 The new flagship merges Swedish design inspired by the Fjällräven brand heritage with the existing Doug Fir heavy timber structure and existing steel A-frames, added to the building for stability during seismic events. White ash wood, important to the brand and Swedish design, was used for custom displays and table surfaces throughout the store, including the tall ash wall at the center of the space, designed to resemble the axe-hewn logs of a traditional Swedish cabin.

==

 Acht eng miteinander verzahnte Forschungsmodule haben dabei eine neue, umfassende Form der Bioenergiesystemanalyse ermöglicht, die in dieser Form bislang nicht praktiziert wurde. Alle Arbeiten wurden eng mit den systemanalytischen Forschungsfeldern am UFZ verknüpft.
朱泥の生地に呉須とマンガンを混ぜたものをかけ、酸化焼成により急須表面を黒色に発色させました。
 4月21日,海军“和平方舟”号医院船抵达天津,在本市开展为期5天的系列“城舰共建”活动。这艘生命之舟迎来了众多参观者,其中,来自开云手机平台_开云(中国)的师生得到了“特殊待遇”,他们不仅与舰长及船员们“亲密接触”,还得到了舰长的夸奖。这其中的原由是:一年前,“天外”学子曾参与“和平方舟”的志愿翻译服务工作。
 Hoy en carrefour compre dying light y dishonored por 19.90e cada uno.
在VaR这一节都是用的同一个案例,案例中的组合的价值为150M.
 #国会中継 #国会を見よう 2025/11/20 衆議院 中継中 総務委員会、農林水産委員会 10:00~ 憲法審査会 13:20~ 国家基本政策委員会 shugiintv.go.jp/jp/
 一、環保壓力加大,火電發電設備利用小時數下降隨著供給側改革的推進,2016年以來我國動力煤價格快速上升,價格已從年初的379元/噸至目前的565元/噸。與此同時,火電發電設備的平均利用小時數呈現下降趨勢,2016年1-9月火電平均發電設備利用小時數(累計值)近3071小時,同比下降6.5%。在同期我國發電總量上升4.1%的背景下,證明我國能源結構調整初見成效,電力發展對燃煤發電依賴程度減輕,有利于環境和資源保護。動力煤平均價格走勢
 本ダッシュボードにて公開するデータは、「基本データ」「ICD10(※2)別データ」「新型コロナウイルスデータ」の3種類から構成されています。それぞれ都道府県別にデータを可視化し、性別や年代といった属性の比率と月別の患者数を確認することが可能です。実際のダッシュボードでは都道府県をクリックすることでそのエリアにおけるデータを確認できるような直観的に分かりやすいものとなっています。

Task prompt →
All lines above from the one containing "朱泥の生地に呉須とマンガンを" to the one containing "一、環保壓力加大,火電發電設" must be repeated exactly, both lines included, and no others.

Response below →
朱泥の生地に呉須とマンガンを混ぜたものをかけ、酸化焼成により急須表面を黒色に発色させました。
 4月21日,海军“和平方舟”号医院船抵达天津,在本市开展为期5天的系列“城舰共建”活动。这艘生命之舟迎来了众多参观者,其中,来自开云手机平台_开云(中国)的师生得到了“特殊待遇”,他们不仅与舰长及船员们“亲密接触”,还得到了舰长的夸奖。这其中的原由是:一年前,“天外”学子曾参与“和平方舟”的志愿翻译服务工作。
 Hoy en carrefour compre dying light y dishonored por 19.90e cada uno.
在VaR这一节都是用的同一个案例,案例中的组合的价值为150M.
 #国会中継 #国会を見よう 2025/11/20 衆議院 中継中 総務委員会、農林水産委員会 10:00~ 憲法審査会 13:20~ 国家基本政策委員会 shugiintv.go.jp/jp/
 一、環保壓力加大,火電發電設備利用小時數下降隨著供給側改革的推進,2016年以來我國動力煤價格快速上升,價格已從年初的379元/噸至目前的565元/噸。與此同時,火電發電設備的平均利用小時數呈現下降趨勢,2016年1-9月火電平均發電設備利用小時數(累計值)近3071小時,同比下降6.5%。在同期我國發電總量上升4.1%的背景下,證明我國能源結構調整初見成效,電力發展對燃煤發電依賴程度減輕,有利于環境和資源保護。動力煤平均價格走勢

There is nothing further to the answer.